*** Opening of Input data ***

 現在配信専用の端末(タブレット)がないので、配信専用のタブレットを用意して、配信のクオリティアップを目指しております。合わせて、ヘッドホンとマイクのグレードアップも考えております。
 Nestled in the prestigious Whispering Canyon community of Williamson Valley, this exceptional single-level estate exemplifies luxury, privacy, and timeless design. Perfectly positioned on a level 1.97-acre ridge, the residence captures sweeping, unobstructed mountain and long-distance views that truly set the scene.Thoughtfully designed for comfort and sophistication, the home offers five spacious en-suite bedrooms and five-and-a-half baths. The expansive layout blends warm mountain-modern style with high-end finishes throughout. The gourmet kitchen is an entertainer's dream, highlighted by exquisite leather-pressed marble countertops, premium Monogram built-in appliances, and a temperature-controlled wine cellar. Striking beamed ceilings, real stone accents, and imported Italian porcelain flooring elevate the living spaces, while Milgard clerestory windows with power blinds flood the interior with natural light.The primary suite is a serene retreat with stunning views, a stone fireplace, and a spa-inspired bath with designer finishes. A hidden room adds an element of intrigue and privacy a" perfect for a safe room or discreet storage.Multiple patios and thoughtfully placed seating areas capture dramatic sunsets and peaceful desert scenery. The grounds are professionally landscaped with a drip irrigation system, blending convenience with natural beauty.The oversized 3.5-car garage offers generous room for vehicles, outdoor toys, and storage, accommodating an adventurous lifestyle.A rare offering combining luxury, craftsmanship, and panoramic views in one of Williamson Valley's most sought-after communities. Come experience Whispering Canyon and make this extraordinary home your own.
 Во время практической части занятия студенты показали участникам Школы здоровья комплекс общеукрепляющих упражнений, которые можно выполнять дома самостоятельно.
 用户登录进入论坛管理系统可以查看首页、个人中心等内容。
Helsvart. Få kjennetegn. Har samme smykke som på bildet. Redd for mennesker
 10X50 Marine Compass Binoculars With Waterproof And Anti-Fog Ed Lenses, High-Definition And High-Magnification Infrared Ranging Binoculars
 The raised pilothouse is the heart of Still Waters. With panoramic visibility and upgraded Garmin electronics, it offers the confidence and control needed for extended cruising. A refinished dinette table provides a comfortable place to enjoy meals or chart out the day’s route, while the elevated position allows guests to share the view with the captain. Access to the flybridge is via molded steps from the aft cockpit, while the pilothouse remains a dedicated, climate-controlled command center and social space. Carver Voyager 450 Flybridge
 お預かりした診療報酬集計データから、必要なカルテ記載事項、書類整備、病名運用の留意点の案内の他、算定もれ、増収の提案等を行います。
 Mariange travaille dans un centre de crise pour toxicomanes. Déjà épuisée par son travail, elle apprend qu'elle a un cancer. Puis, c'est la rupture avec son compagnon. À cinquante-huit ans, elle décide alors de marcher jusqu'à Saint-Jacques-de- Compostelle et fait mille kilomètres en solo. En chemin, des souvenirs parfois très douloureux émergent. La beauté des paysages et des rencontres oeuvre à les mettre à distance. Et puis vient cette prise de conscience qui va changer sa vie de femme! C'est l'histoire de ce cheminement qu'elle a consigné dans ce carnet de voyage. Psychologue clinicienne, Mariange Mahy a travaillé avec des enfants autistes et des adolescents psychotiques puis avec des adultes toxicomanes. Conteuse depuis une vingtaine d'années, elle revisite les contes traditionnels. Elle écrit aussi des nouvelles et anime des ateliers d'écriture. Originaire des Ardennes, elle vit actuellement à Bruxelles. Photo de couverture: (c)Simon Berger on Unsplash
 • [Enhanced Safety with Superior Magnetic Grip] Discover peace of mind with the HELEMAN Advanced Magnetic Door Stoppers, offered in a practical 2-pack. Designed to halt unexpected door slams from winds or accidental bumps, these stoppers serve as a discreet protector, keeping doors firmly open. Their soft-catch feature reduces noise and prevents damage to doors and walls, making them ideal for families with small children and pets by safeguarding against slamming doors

*** Close of Input data ***

Assignment: The word "from": say how many lines of the records hold it, and give nothing but the number.

Problem solution: 2